◆ **EXERCISE GOAL**
Repeat the records below exactly from the line containing "Teigan is a" to the line containing "전대미문 존속 토막살인", taking in both of those lines. Drop the pictures.

◆ **SUPPLIED DATA**
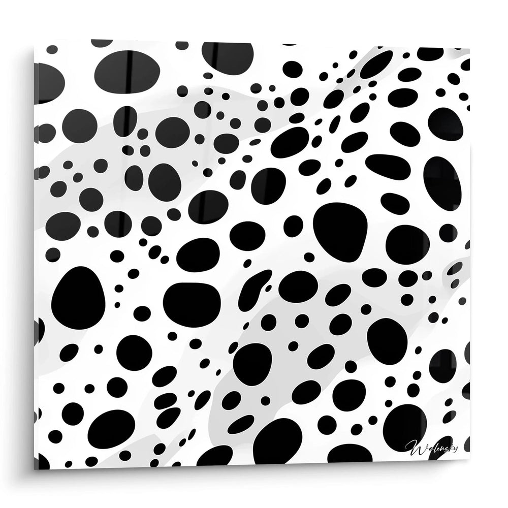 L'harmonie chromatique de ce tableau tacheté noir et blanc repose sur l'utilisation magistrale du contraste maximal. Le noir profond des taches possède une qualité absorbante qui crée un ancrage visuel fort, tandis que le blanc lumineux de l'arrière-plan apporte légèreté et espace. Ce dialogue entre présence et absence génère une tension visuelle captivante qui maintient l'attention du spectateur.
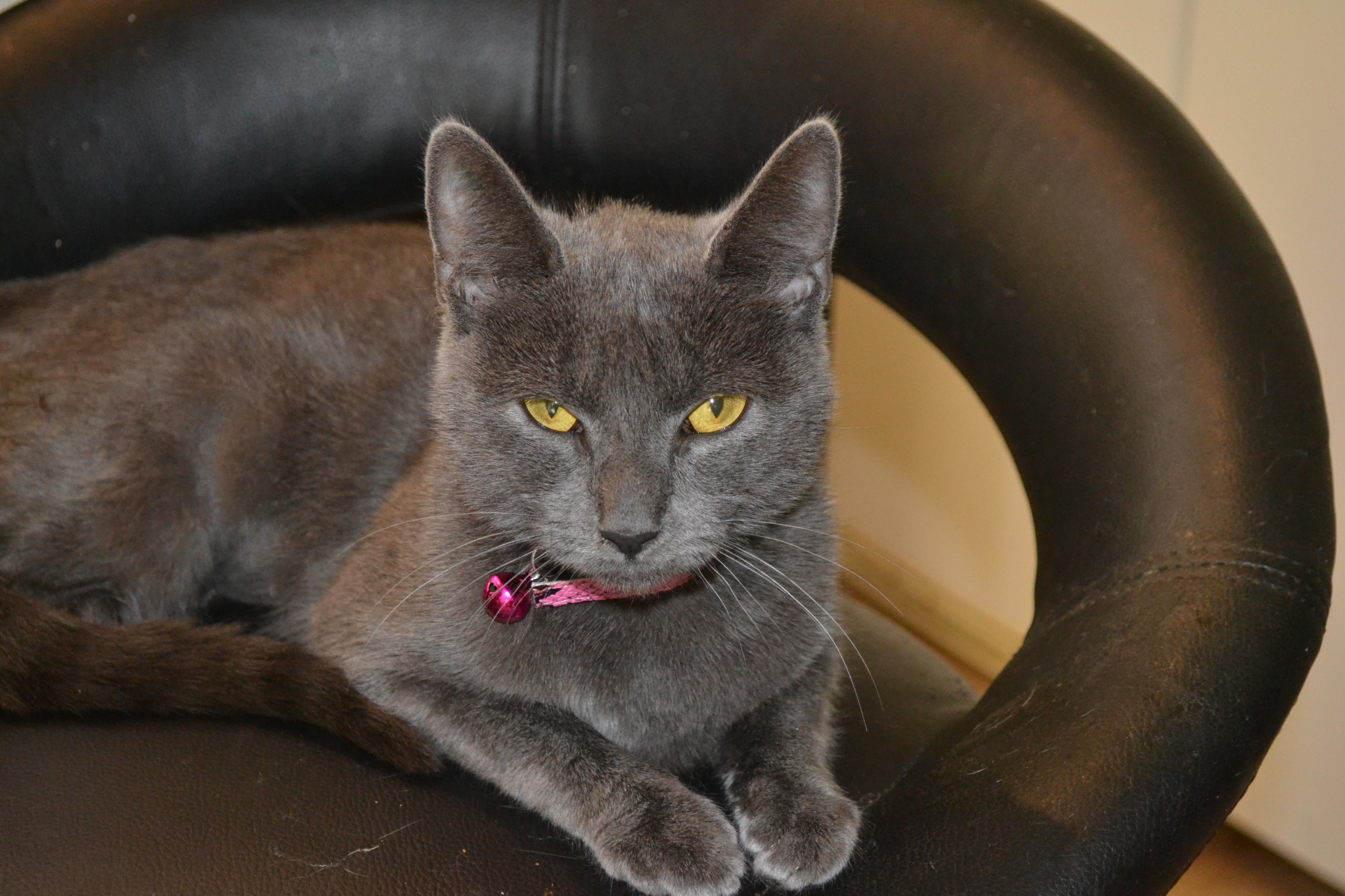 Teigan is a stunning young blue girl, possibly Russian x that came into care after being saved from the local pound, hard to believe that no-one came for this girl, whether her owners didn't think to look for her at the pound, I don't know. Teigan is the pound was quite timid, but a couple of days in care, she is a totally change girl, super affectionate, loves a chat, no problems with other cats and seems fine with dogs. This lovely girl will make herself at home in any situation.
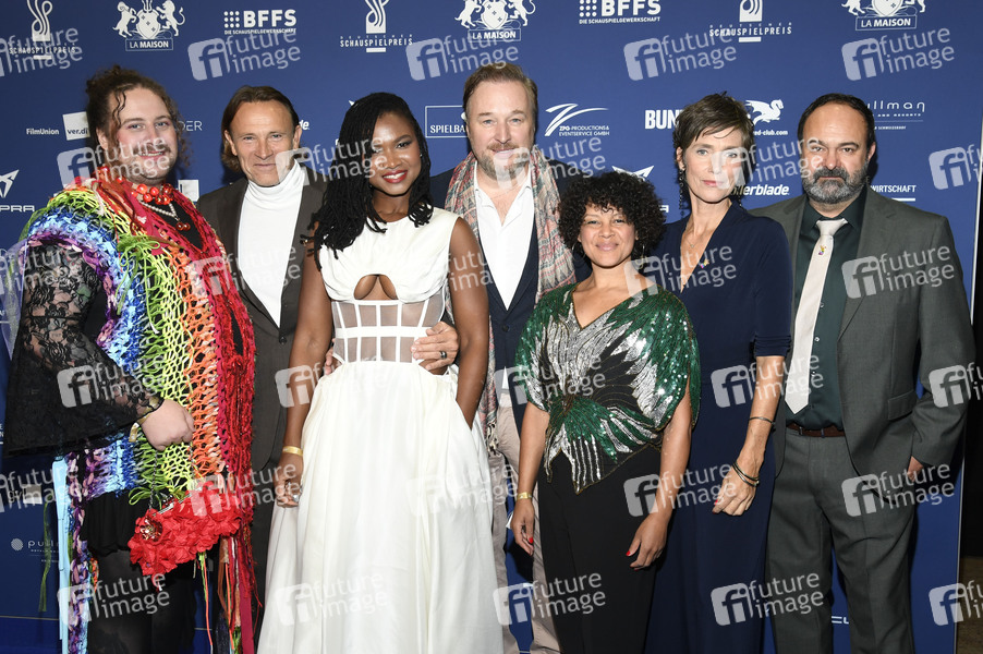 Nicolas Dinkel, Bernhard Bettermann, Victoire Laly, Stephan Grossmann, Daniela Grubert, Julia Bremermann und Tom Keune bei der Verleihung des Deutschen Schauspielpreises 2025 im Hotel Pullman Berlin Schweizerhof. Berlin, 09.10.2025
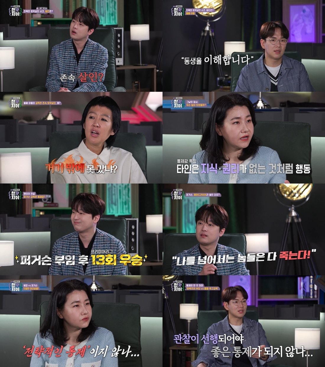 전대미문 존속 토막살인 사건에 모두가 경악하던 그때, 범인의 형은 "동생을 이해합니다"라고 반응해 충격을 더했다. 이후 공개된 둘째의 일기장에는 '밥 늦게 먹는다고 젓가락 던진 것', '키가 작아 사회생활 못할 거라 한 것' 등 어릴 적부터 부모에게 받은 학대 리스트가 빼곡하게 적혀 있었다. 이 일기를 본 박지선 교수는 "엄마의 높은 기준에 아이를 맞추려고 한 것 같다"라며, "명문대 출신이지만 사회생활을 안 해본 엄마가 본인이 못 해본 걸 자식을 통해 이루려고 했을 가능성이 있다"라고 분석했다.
...
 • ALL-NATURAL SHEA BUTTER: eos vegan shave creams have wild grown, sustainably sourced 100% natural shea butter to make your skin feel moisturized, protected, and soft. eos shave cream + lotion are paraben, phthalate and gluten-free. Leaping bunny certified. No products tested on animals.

◆ **RESULT OF THIS EXERCISE**
 Teigan is a stunning young blue girl, possibly Russian x that came into care after being saved from the local pound, hard to believe that no-one came for this girl, whether her owners didn't think to look for her at the pound, I don't know. Teigan is the pound was quite timid, but a couple of days in care, she is a totally change girl, super affectionate, loves a chat, no problems with other cats and seems fine with dogs. This lovely girl will make herself at home in any situation.
 Nicolas Dinkel, Bernhard Bettermann, Victoire Laly, Stephan Grossmann, Daniela Grubert, Julia Bremermann und Tom Keune bei der Verleihung des Deutschen Schauspielpreises 2025 im Hotel Pullman Berlin Schweizerhof. Berlin, 09.10.2025
 전대미문 존속 토막살인 사건에 모두가 경악하던 그때, 범인의 형은 "동생을 이해합니다"라고 반응해 충격을 더했다. 이후 공개된 둘째의 일기장에는 '밥 늦게 먹는다고 젓가락 던진 것', '키가 작아 사회생활 못할 거라 한 것' 등 어릴 적부터 부모에게 받은 학대 리스트가 빼곡하게 적혀 있었다. 이 일기를 본 박지선 교수는 "엄마의 높은 기준에 아이를 맞추려고 한 것 같다"라며, "명문대 출신이지만 사회생활을 안 해본 엄마가 본인이 못 해본 걸 자식을 통해 이루려고 했을 가능성이 있다"라고 분석했다.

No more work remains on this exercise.